Niue Star
- Type: Monthly
- Owner: Michael Jackson
- Publisher: Michael Jackson
- Editor-in-chief: Michael Jackson
- Editor: Michael Jackson
- Founded: 11 June 1993
- Political alignment: Independent
- Language: English, Niuean
- Headquarters: Auckland (formerly Alofi)
- Circulation: 200 (in 2023)

= Niue Star =

Niuean weekly newspaper

The Niue Star is a monthly (previously weekly) Niuean newspaper, founded on 11 June 1993. It is Niue's only newspaper. Its founder, owner, editor, journalist and photographer is and has always been Michael Jackson. The newspaper is distributed in Niue, New Zealand and previously Australia, and had a circulation of 800 in 2005, which had dropped to 200 by the time of its 30th anniversary in 2023. It is a bilingual newspaper, published both in English and in Niuean. In 2023, about a quarter of its content was written in English and about three quarters in Niuean.

==History==
The Niue Star was founded with the assistance of AESOPS, which provided Jackson with equipment including a computer, a digital camera and a printing press. It also provided Jackson with a journalism course. The latter had previously worked as publisher of the now-defunct government newspaper Tohi Tala Niue, but set up the private Niue Star as his own initiative.

The Star was originally printed in Alofi, until its main office and printing shop were destroyed by Cyclone Heta in 2004. It then moved to Auckland.

According to its editor Michael Jackson in 2008,
"The Niue Star is the community newspaper. Now it's mainly information, village happenings, community happenings, family interest stories like hair cuttings and ear piercing. The good thing about it is that all our families in New Zealand and Australia are looking forward for the Niue Star to read how, you know, what goes on back home and to see these colourful photographs.

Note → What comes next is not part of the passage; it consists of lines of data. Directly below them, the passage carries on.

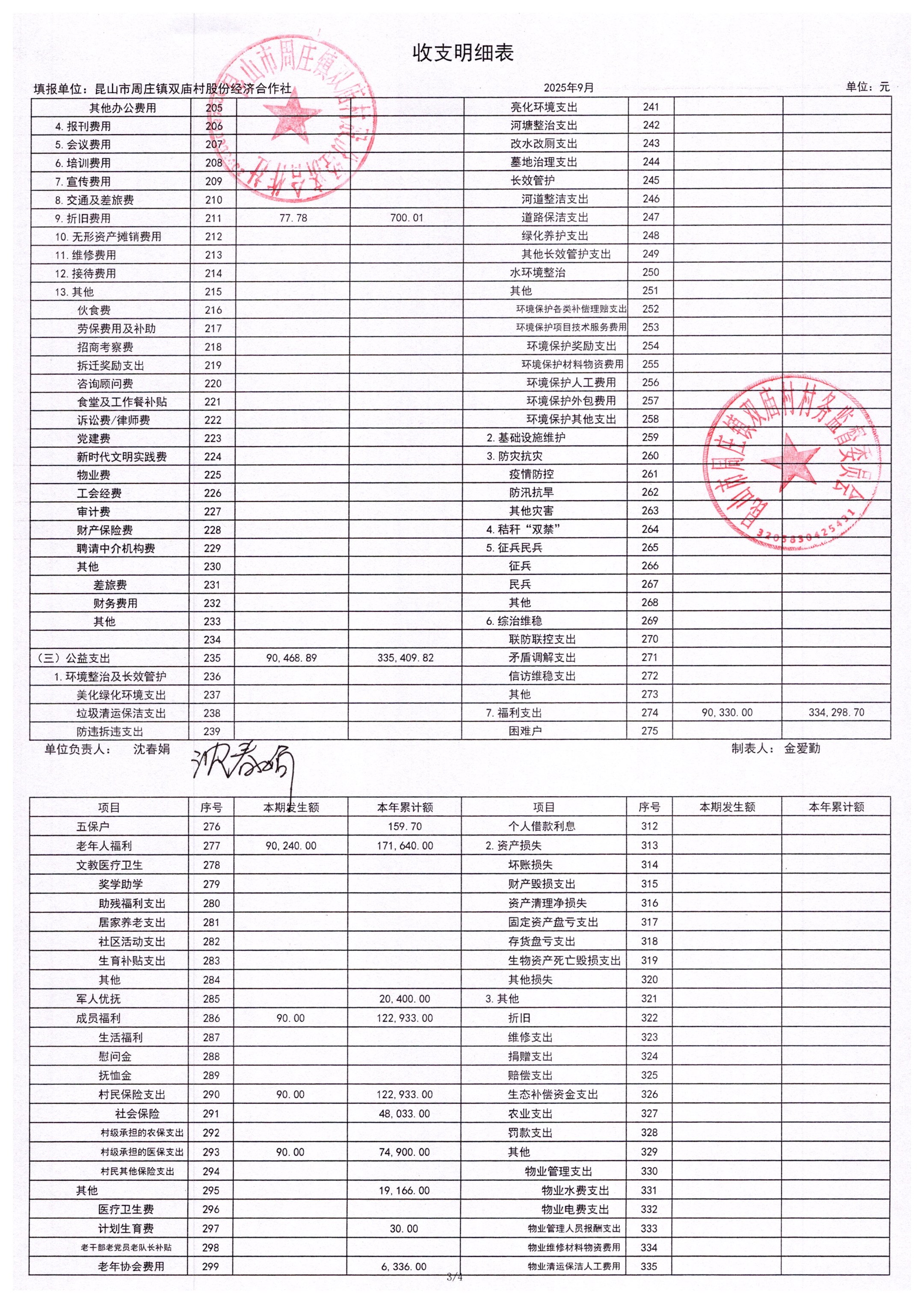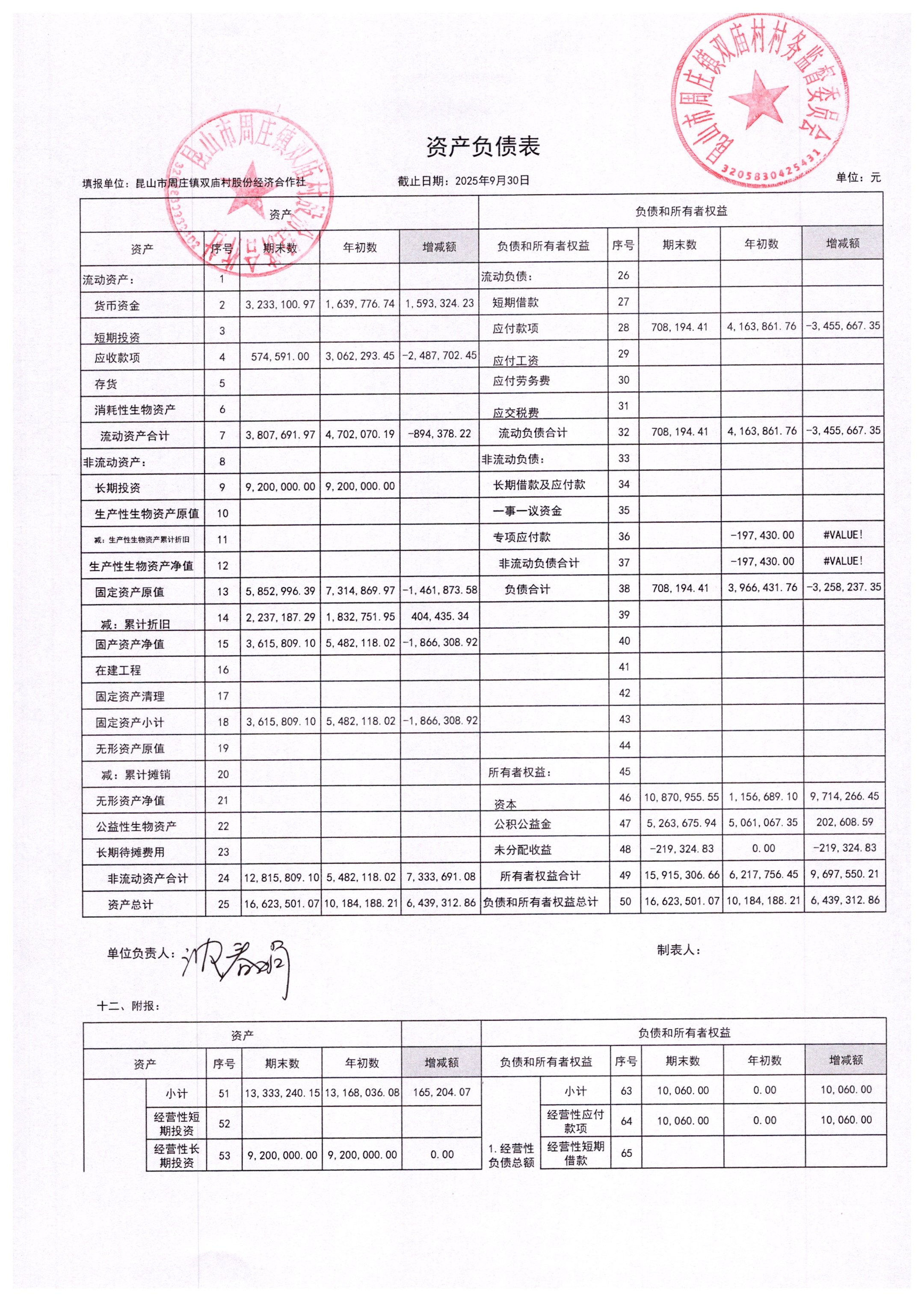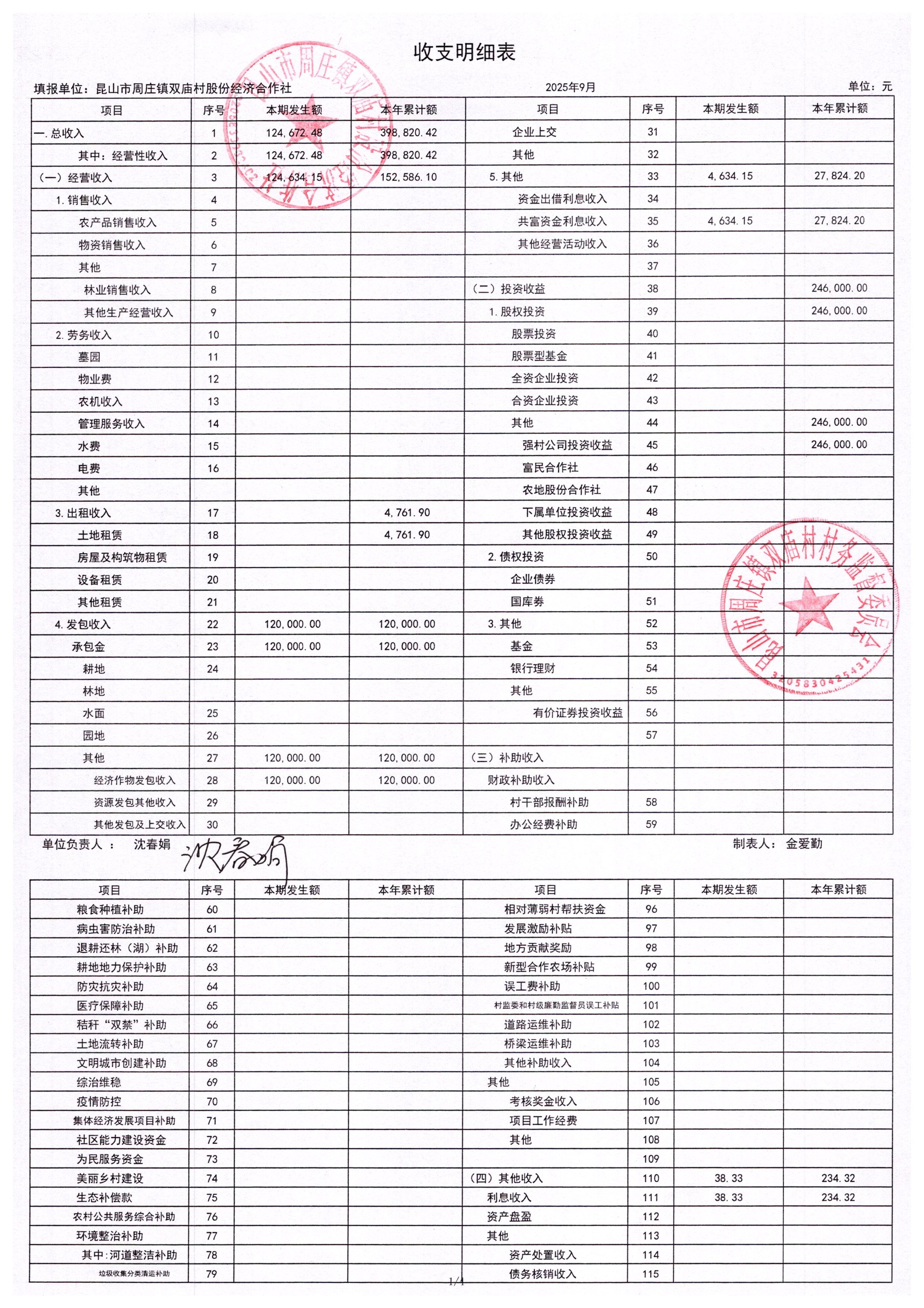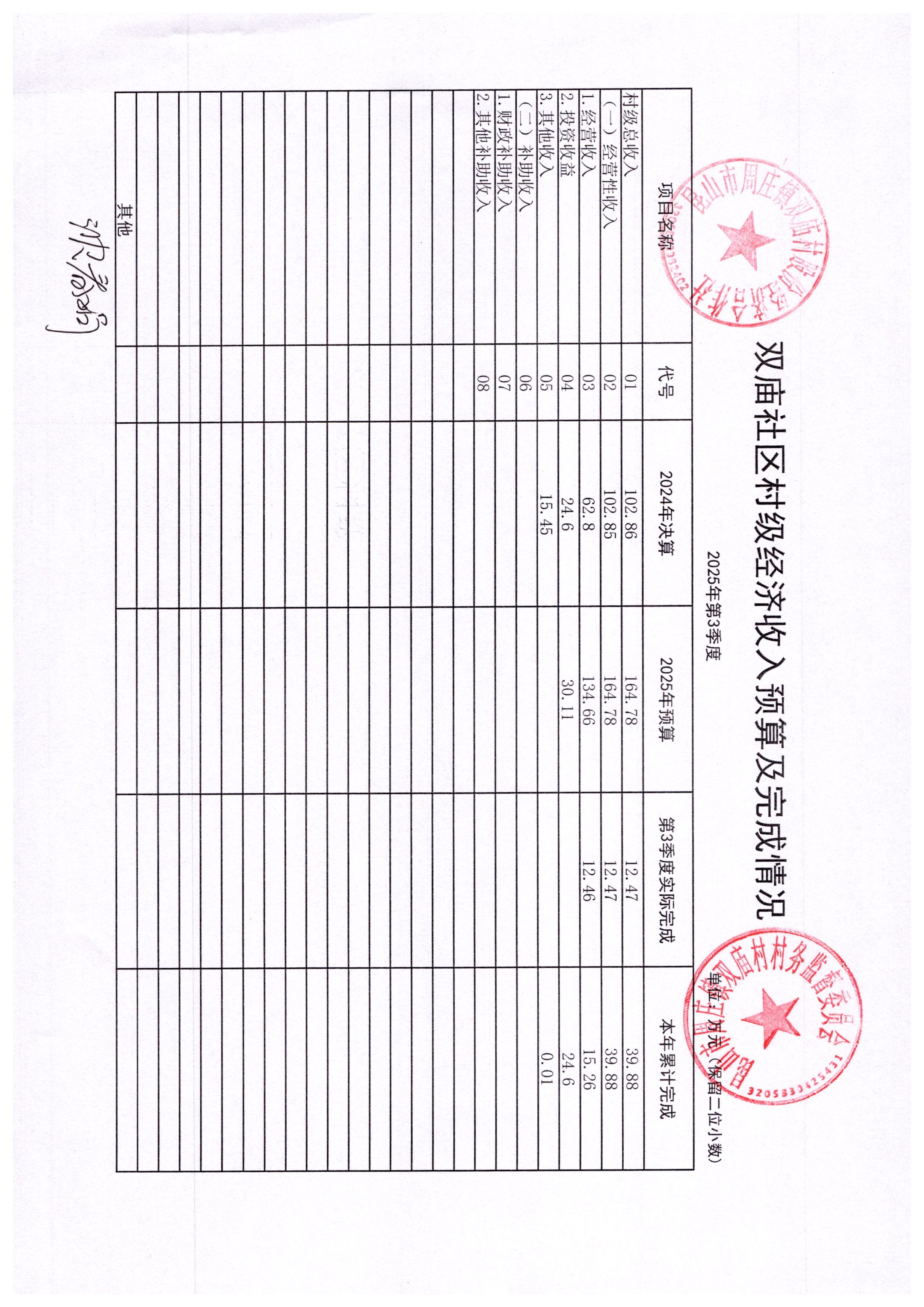 2025年第3季度财务公开-双庙村股份经济合作社财务公开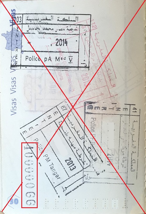 Pour le Maroc, un numéro identifiant (5 chiffres et 2 lettres) est apposé sur le passeport en complément du cachet d'entrée. Par la suite, il est réutilisé lors de chaque entrée dans le pays et est notamment nécessaire pour remplir le formulaire 16 TER d'importation temporaire d'un véhicule. |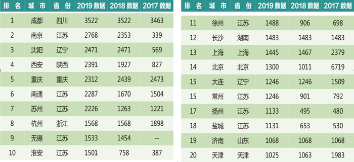 2019年城市书店数量排行榜TOP20。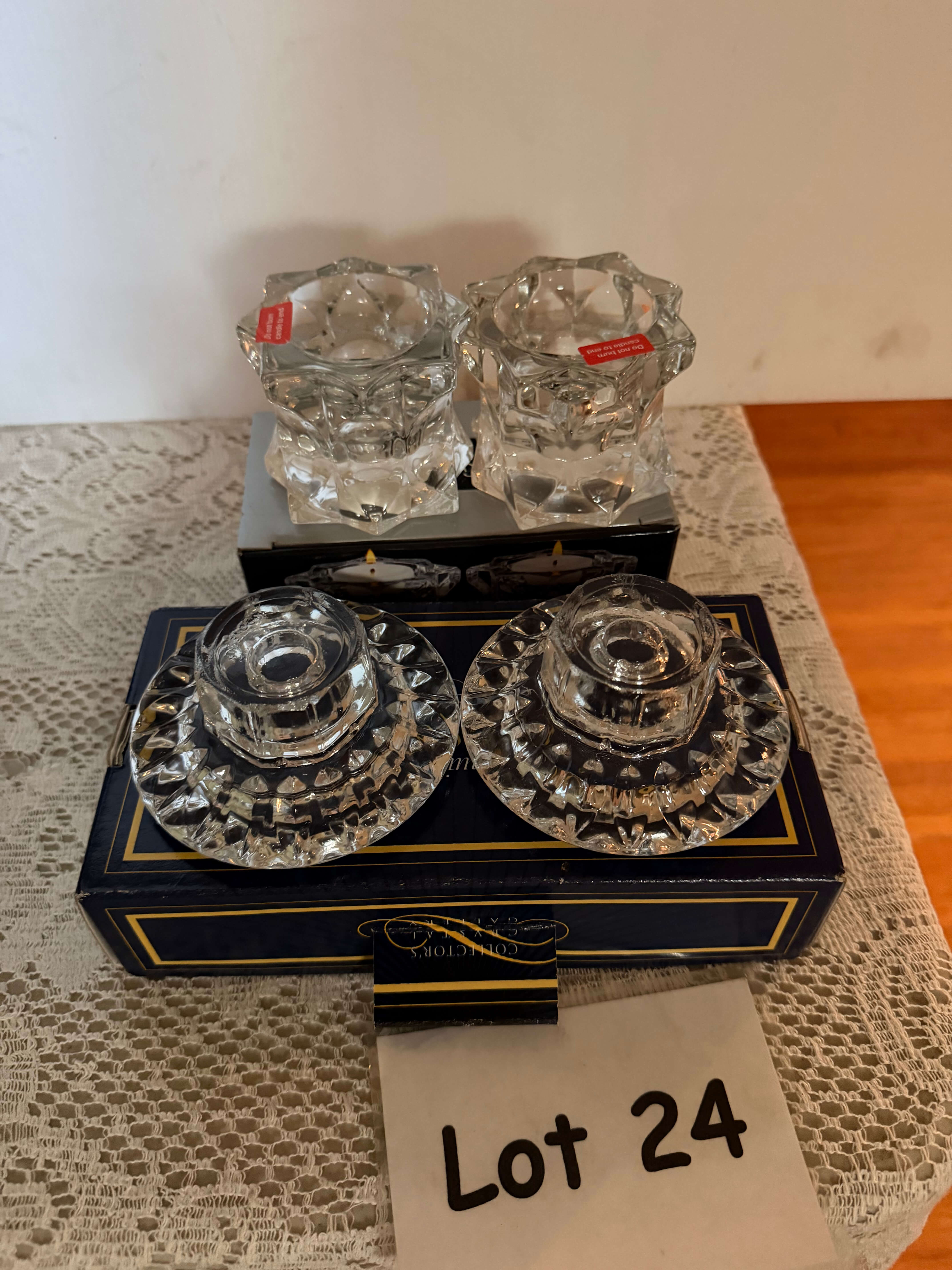 (2) Sets of Crystal Candle Holders, larger set is 3.5" diam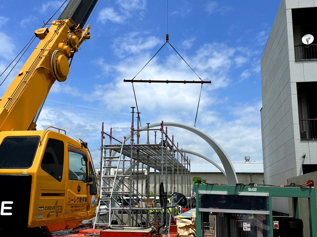 三重県津市にて、間口7.5m 奥行13.02m スチールアーチ、建て方完了しました!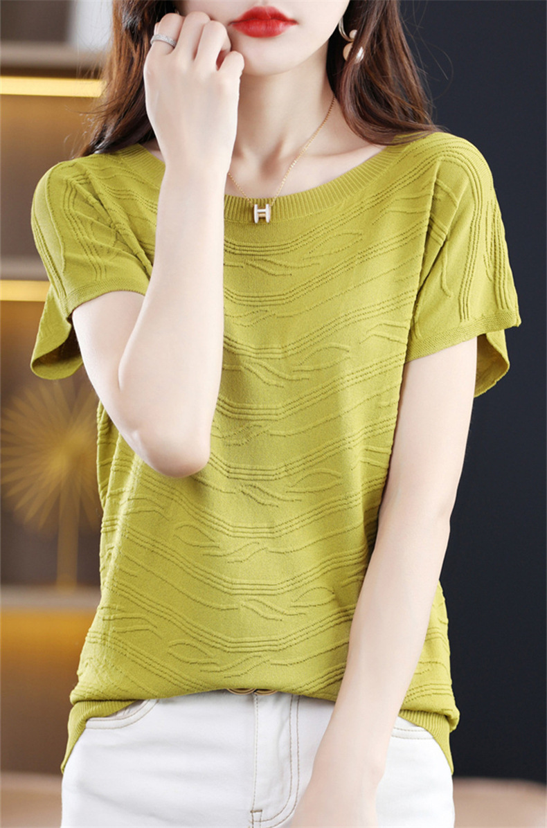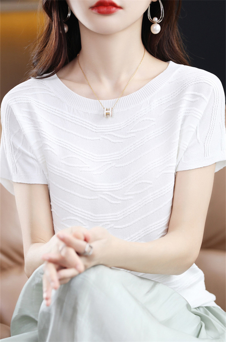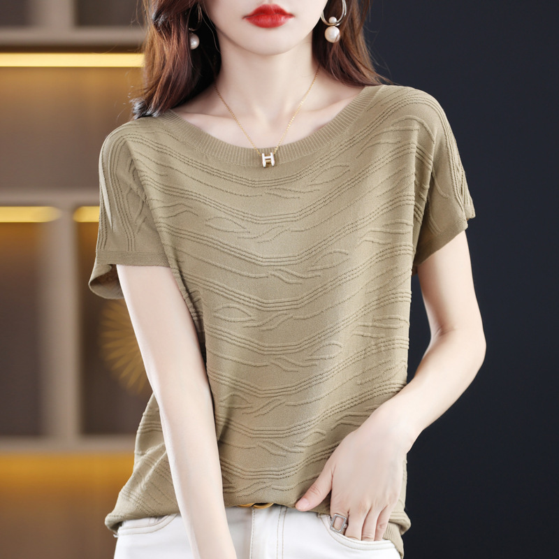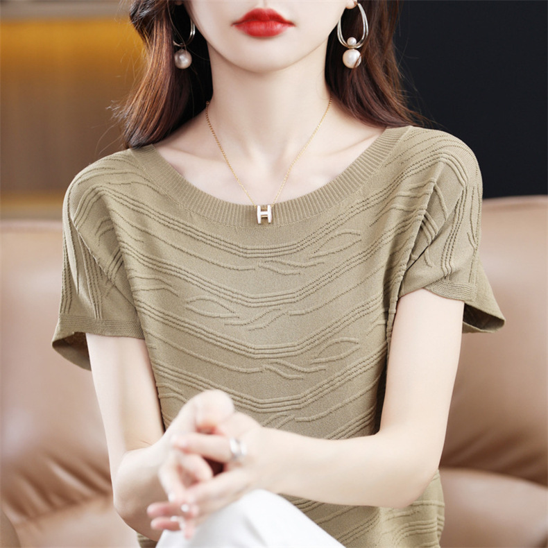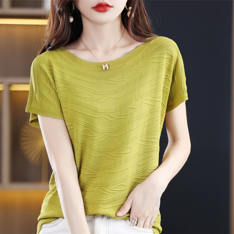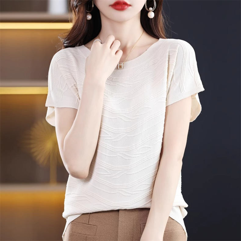아이스 실크 반팔 티셔츠 여성 여름 2024 새로운 여성 질감 니트 티셔츠 탑 얇은베이스 셔츠 도매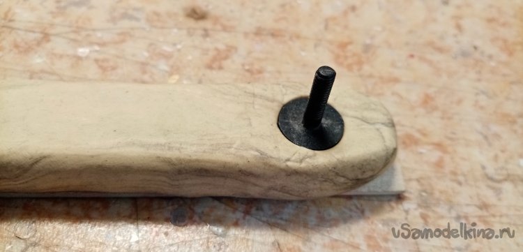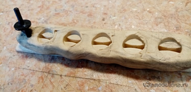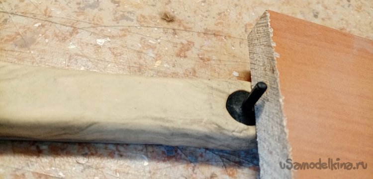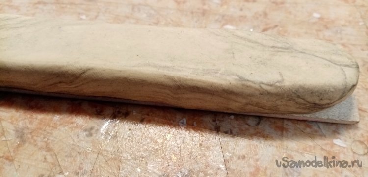 Разминаю скульптурный пластилин в колбаску. Профилирую плоскую вершину при помощи отрезка мебельного щита.
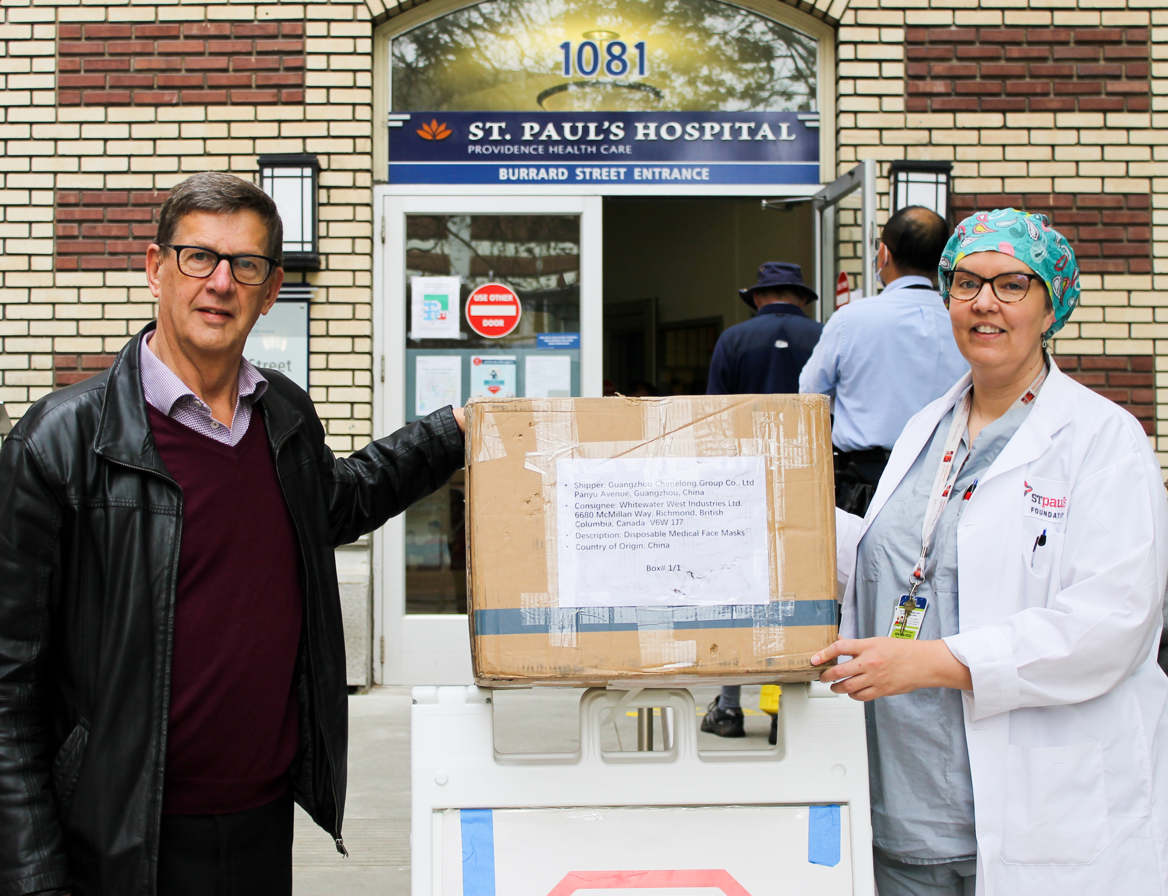 Vancouver, BC—WhiteWater is pleased to be able to facilitate the shipment of 6,000 surgical masks, donated from the Su family, who own Chimelong Group Co., Ltd to St. Paul’s Hospital/Providence Health Care in Vancouver.

So that's my market."

Jackson also reports on political news ("[I]f the government is, you know, not doing the right thing and the people want to know, then I will insist in reporting it."), and, through the Star, aims to "connect Niueans wherever they are". A large majority of Niueans live outside Niue itself, which, due to continuous emigration, had a population of barely 1000 in 2008. Most Niuean expatriates live in New Zealand, where the Niue Star is distributed within the Niuean community, giving them access to church news and to photographs and descriptions of family members taking part in village events in Niue.

From a peak of about 1,700, circulation by 2023 had dropped to just 200, in Niue and in Auckland, and the formerly weekly newspaper was now published only monthly. The newspaper had a website, niuestar.online, but it does not exist anymore.